By comparison, the way Kris was riffing, he had people laughing even though "Makin' sprockets" and "Get back to work!" aren't the funniest jokes you could possibly have. They're fuzzier, not anything like as tight as Scott's jokes, but Kris came up with them without even a hesitation and had everyone laughing anyway, even though Scott's joke was tighter and he had it instantly.
(Cue Scott with, "That's why I get paid the big bucks!". Which would also be a funny retort- and which is also a little mean, and a little alienating.)
Adam Smithee is in the Kris Straub camp, not the Scott Kurtz camp. He doesn't have the ruthlessness, the discipline, perhaps the confidence to come up with a guaranteed killer joke and put everything into that- the sort of 'screaming headlong stab at a single tiny target' that guys at Kurtz's level can pull off.

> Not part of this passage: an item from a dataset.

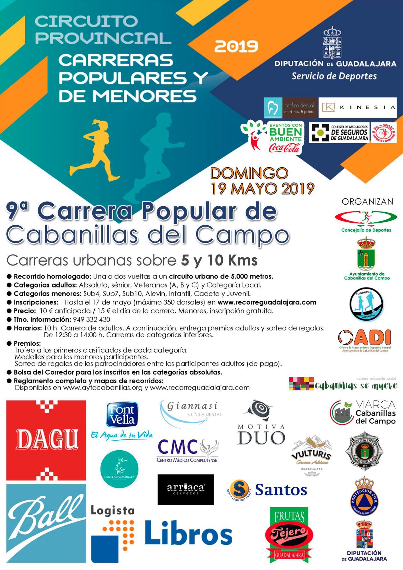 El próximo domingo, 19 de mayo, a partir de las 10:00 horas se celebrará la IX Carrera Popular de Cabanillas del Campo, segunda prueba del VIII Circuito de Carreras Populares Diputación de Guadalajara.

He will instead do a version of what Straub is so good at- throwing out a lot of generally funny stuff, doing a little tapdance, putting in a little more effort, thinking up a new widget or webpage tweak- and the shoutbox on the Apple of Discord page shows people enjoying these efforts.
Artists are like Elwood P. Dowd. You must be oh, so smart, or oh, so pleasant. It's tempting to assume that it's all about being the most smart, the most scathing wit, and you can earn respect by this, but it becomes about your ability to perform at that level. It requires daring and the willingness to risk terrible failure, and your highest achievements will always be the riskiest ones that could get you in the most trouble. That's a tough gig.
If you just keep plugging away and genuinely want to be pleasant and entertain, and you work tirelessly at it, it will show through in many ways, and you'll instead earn love. Then you can sneak in a little respect where it's convenient, but you have a fall-back position and you're hedging your bets in lots of ways- and you never forget that you're trying to do something for people.
And that's just good sense.
And that, in the end, is what got me reviewing Apple of Discord with a lot of sympathy even though I hadn't been that blown away by the jokes- I kept looking, and became more and more aware that Adam Smithee was really "makin' sprockets", plugging diligently away and getting better and never forgetting that he was out to amuse me.
I do love the outbursts of strips like 'E and Mu', of which I said "I love this fucking comic", but the thing is, I realize a thing like that is totally out of my control. That artist could start doing any number of things I might hate, and I'd be out of luck because nothing about it is trying to amuse me, or even aware of my existence. I don't think that guy could tailor his strip if you begged him- it's strictly an undisciplined outburst. You have to go to it, it won't or can't come to you.
It's good to not be too hung up on that sort of thing as a comic reader, because if those strips all flamed out in masturbatory self-indulgence, Apple of Discord would still be there throwing out jokes and unexpected premises, and it would still be making an effort to be fun to visit. And I will be keeping an eye on it- probably through Kallisti's forum sig, knowing that he's set it up to give him a little list-boost when I visit his page that way.
I think he deserves some readership love.
If he keeps sharpening up his jokes, he'll deserve some respect as well.